→ Input material:
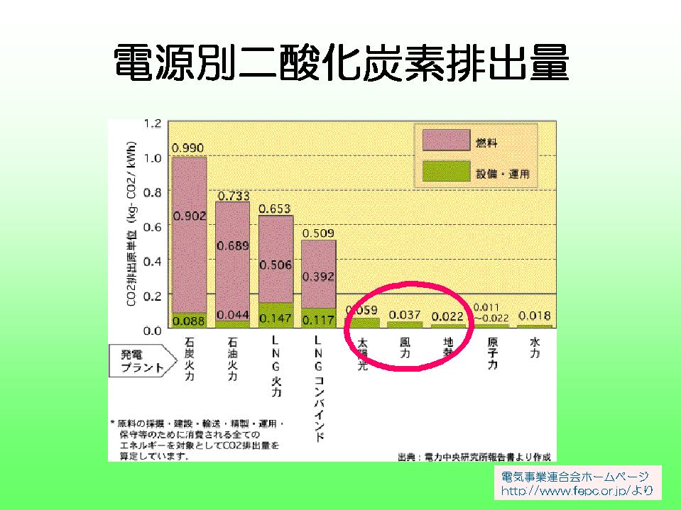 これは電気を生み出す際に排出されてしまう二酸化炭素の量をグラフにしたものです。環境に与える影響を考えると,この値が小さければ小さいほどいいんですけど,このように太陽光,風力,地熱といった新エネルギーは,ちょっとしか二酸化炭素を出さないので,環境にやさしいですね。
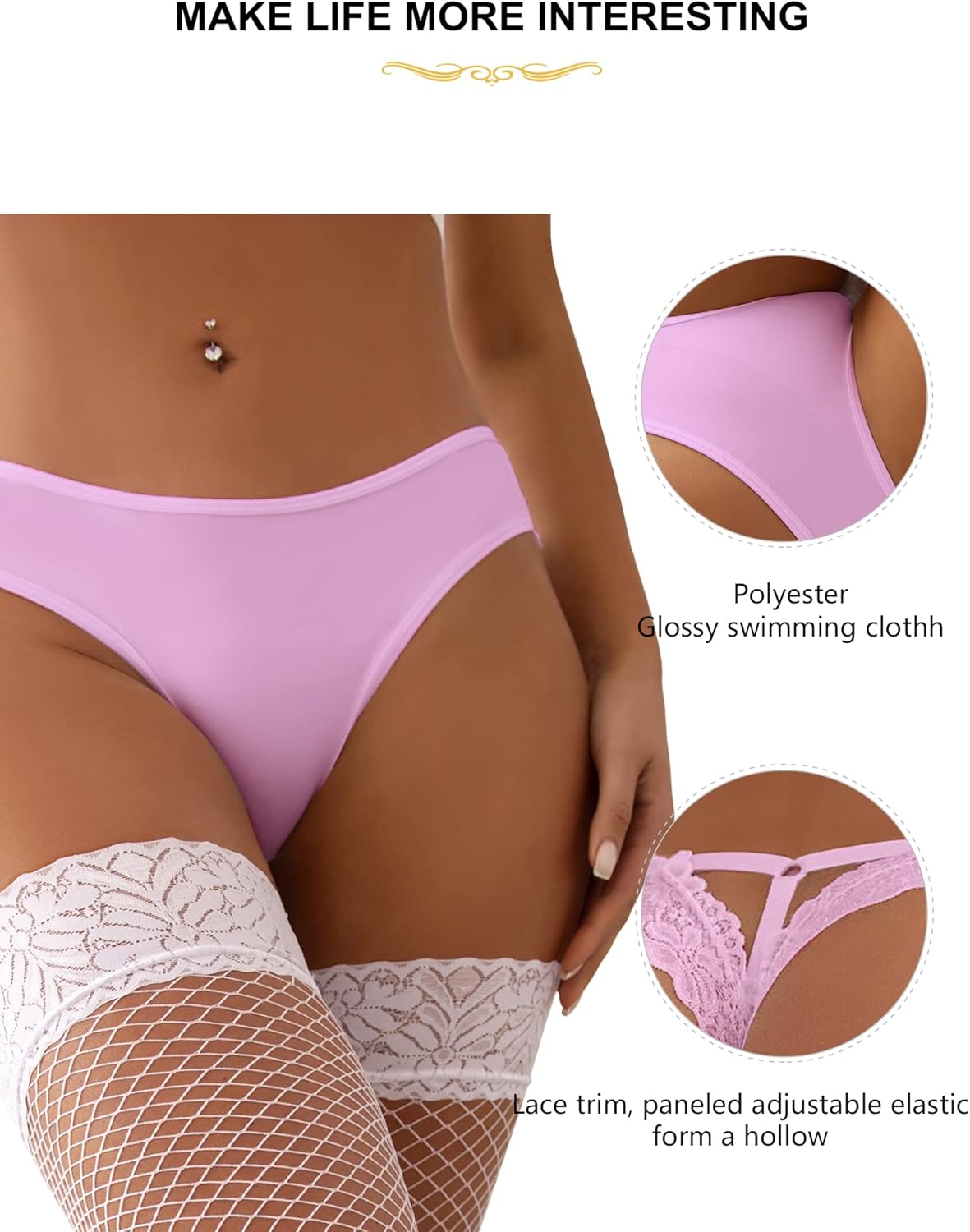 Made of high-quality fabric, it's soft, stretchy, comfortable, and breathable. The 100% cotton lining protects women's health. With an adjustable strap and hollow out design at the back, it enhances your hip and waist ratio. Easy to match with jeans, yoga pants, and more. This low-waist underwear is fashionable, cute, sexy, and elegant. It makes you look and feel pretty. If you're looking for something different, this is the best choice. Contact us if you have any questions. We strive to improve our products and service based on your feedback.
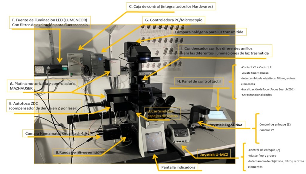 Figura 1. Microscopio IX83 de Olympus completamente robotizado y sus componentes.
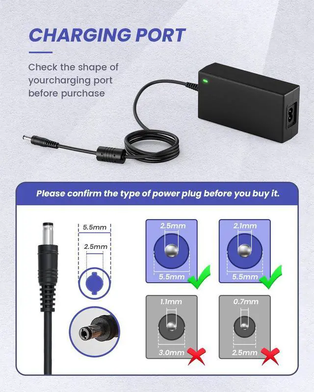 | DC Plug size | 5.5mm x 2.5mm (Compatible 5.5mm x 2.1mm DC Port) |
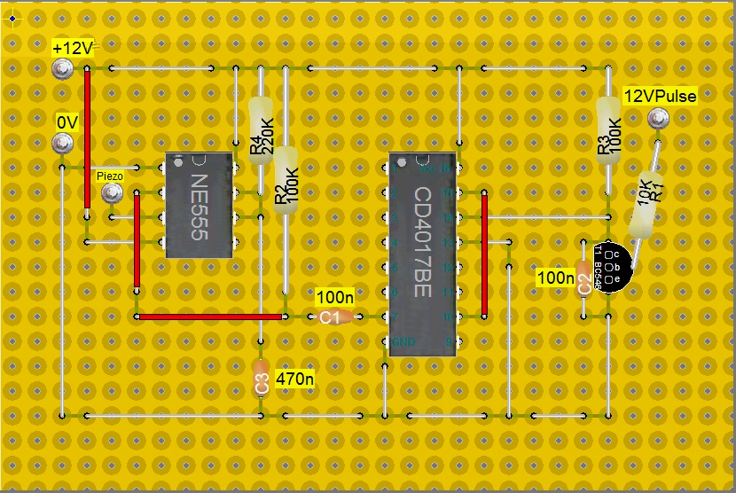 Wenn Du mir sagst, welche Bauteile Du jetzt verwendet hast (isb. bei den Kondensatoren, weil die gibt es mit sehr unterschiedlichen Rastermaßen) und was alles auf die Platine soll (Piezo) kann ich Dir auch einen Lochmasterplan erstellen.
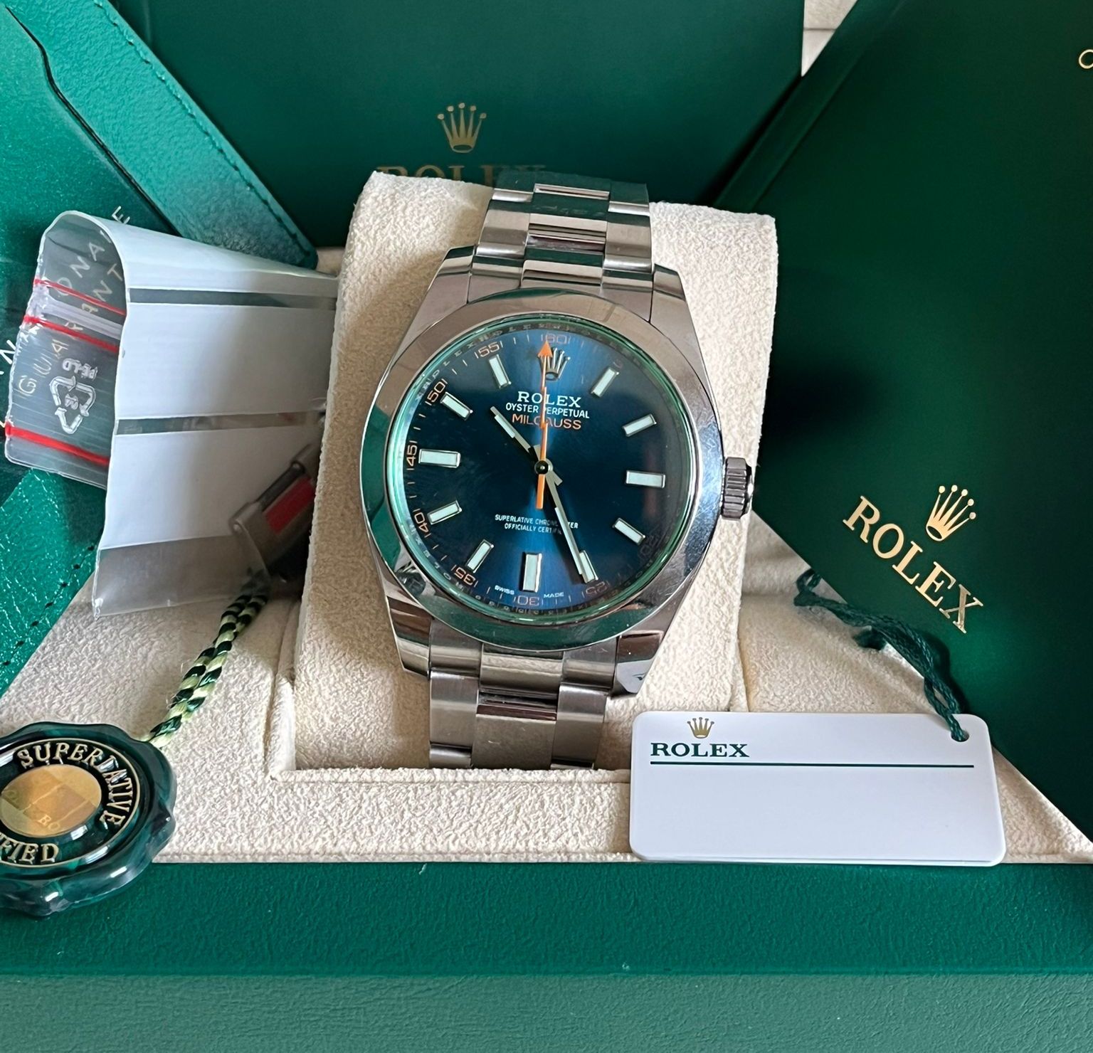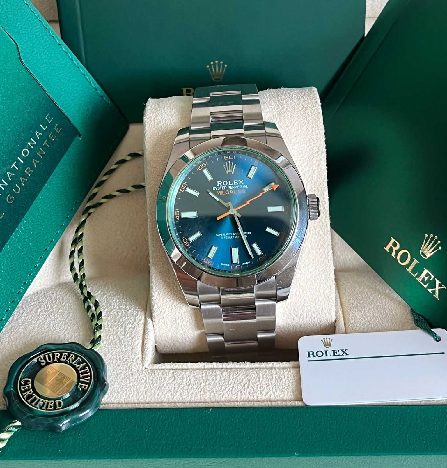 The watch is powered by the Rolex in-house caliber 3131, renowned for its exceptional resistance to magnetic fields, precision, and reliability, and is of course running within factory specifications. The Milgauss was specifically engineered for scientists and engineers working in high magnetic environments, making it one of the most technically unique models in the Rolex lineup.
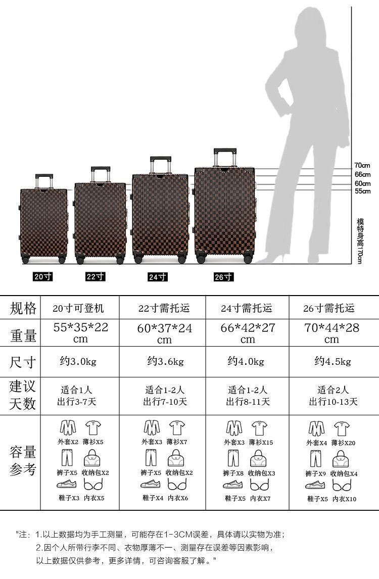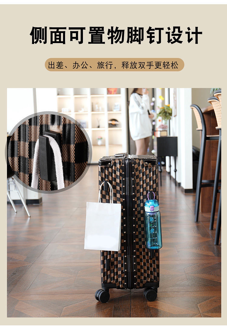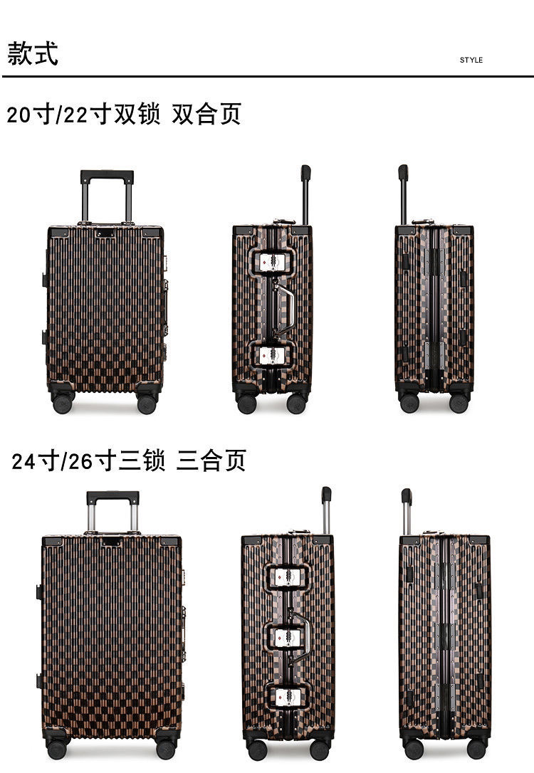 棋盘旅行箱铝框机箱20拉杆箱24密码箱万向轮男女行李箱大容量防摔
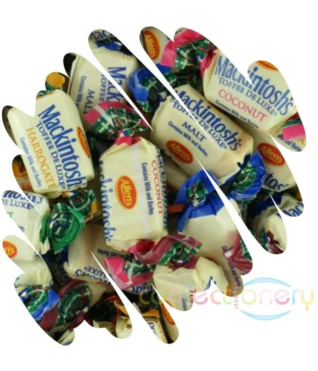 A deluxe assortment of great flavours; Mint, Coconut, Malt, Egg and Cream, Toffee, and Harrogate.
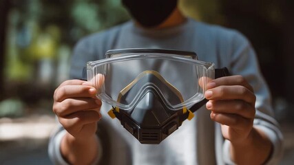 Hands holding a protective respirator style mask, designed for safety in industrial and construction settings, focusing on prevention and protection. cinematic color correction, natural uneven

→ Required work:
Transcribe exactly, with no pictures, the lines running from the first line of the material through the line holding "A deluxe assortment".

→ Solved exercise:
 これは電気を生み出す際に排出されてしまう二酸化炭素の量をグラフにしたものです。環境に与える影響を考えると,この値が小さければ小さいほどいいんですけど,このように太陽光,風力,地熱といった新エネルギーは,ちょっとしか二酸化炭素を出さないので,環境にやさしいですね。
 Made of high-quality fabric, it's soft, stretchy, comfortable, and breathable. The 100% cotton lining protects women's health. With an adjustable strap and hollow out design at the back, it enhances your hip and waist ratio. Easy to match with jeans, yoga pants, and more. This low-waist underwear is fashionable, cute, sexy, and elegant. It makes you look and feel pretty. If you're looking for something different, this is the best choice. Contact us if you have any questions. We strive to improve our products and service based on your feedback.
 Figura 1. Microscopio IX83 de Olympus completamente robotizado y sus componentes.
 | DC Plug size | 5.5mm x 2.5mm (Compatible 5.5mm x 2.1mm DC Port) |
 Wenn Du mir sagst, welche Bauteile Du jetzt verwendet hast (isb. bei den Kondensatoren, weil die gibt es mit sehr unterschiedlichen Rastermaßen) und was alles auf die Platine soll (Piezo) kann ich Dir auch einen Lochmasterplan erstellen.
 The watch is powered by the Rolex in-house caliber 3131, renowned for its exceptional resistance to magnetic fields, precision, and reliability, and is of course running within factory specifications. The Milgauss was specifically engineered for scientists and engineers working in high magnetic environments, making it one of the most technically unique models in the Rolex lineup.
 棋盘旅行箱铝框机箱20拉杆箱24密码箱万向轮男女行李箱大容量防摔
 A deluxe assortment of great flavours; Mint, Coconut, Malt, Egg and Cream, Toffee, and Harrogate.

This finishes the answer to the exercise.